The answer to that question is simple: I knew the market would crash because that's what it does from time to time. There's a constant tug-of-war between fear and greed. When greed is in control, the market goes up, and when fear is in control, the market goes down. Ordinarily, the two are fairly well balanced and the market's moves are orderly and calm. Every once in a while, fear gets a white-knuckle death grip over investors' emotions, and the market crashes.

fortune teller gazing into a crystal ball

Image source: Getty Images.

The real question wasn't whether, but when

That the market would crash at some point in time was obvious. When it would happen, on the other hand, was completely beyond my powers of prognostication. I had no idea a major crash was mere weeks away. Had I known when that crash was coming, I would have gone much more heavily into cash and bonds before the market tanked. Had I done so, I would have been far better prepared to buy back in after things settled down. I didn't, and like many investors, I got hit hard when the market swooned.

The distinction between "whether" and "when" matters. Because it's easy to figure out that the market will crash but hard to figure out when it will happen, it becomes important to structure your overall financial plan around a crash being a real possibility. With a strong end-to-end financial plan in place, you and your portfolio can survive a market downturn whenever it happens. In fact, a strong plan may even enable you to use the downturn to buy more stocks while they're available for a discount.

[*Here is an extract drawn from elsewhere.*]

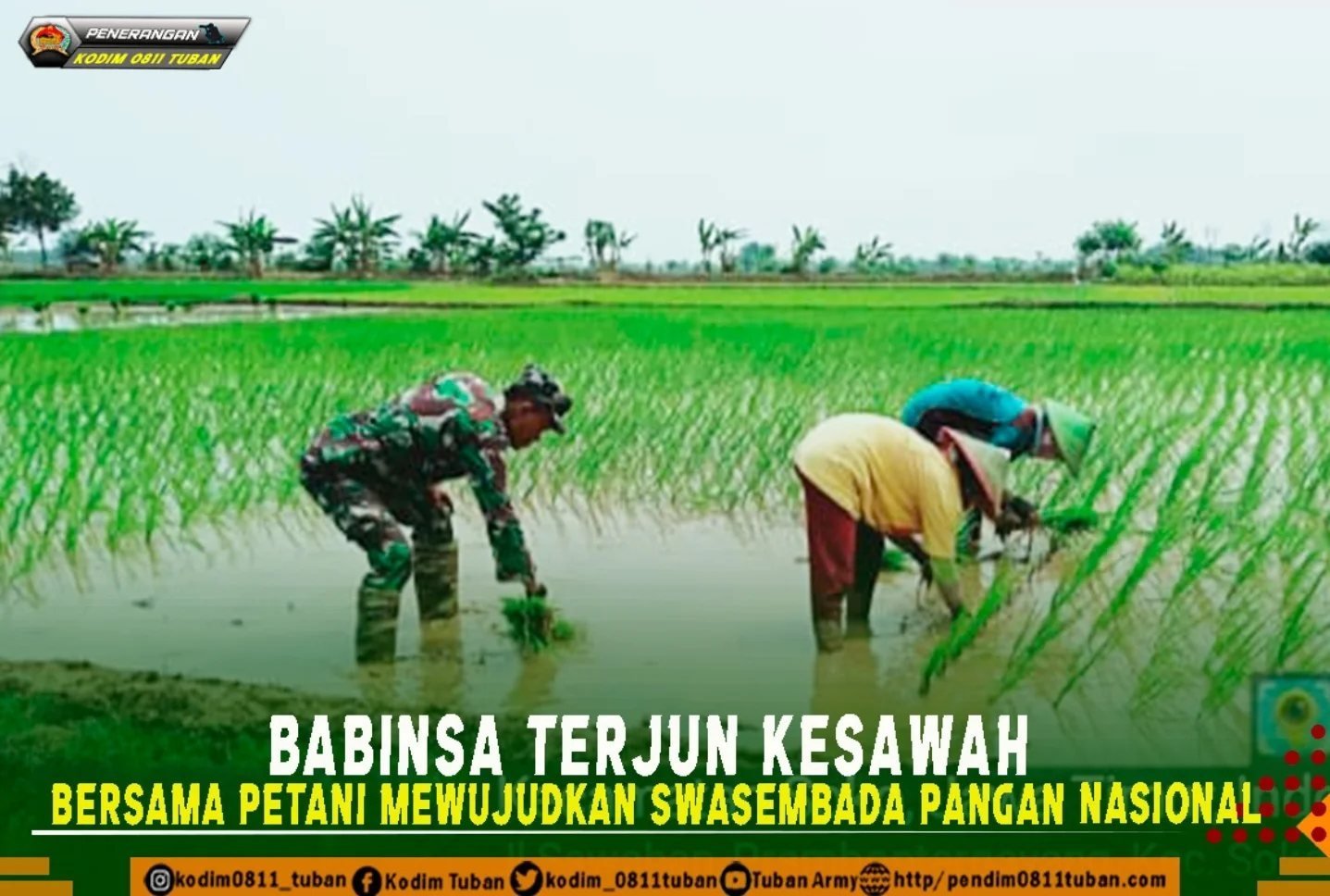 TUBAN, – Babinsa Koramil 0811/05 Rengel Sertu Kasminto terjun ke sawah mendampingi dan membantu tanam padi bersama petani mewujudkan swasembada pangan nasional di Desa Sumberjo, Kecamatan Rengel, Kabupaten Tuban, Minggu (19/01/ 2025).
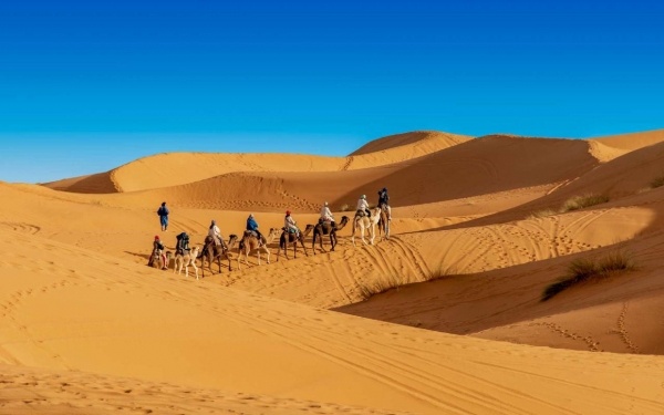 Reggeli után, továbbutazás Rissaniba, amely a jelenlegi királyi uralkodó család, az Alaouite dinasztia származási helye. A városban egy nagyon érdekes ősi leleteket (fosszíliákat) feldolgozó üzem meglátogatása. A következő állomás már a sivatag, megérkezünk Merzougába! A tábor felfedezése és a komfortos sátrak elfoglalása. Kora délután egy fakultatív, 3 órás dzsiptúrán van lehetőség részt venni (8 000 Ft / fő), a homokdűnék felfedezésével! Később egy igazán authentikus élmény következik, tevegelés a sivatagban, a naplementében! A szálláshelyre visszatérés után műsoros est, a tábortűz mellett.

Your top priority: When do you need the money?

a clock balancing against a pile of coins on a seesaw

Image source: Getty Images.

Key to any successful financial plan is understanding when you'll need to spend the money you have socked away. Generally speaking, there are four broad time periods you'll need to think about:

  • At any time, but only in an emergency situation.
  • Within the next five years.
  • In a longer time period than five years.
  • Never, as in money you may never need to spend.

You should think differently about your money for each of those time periods.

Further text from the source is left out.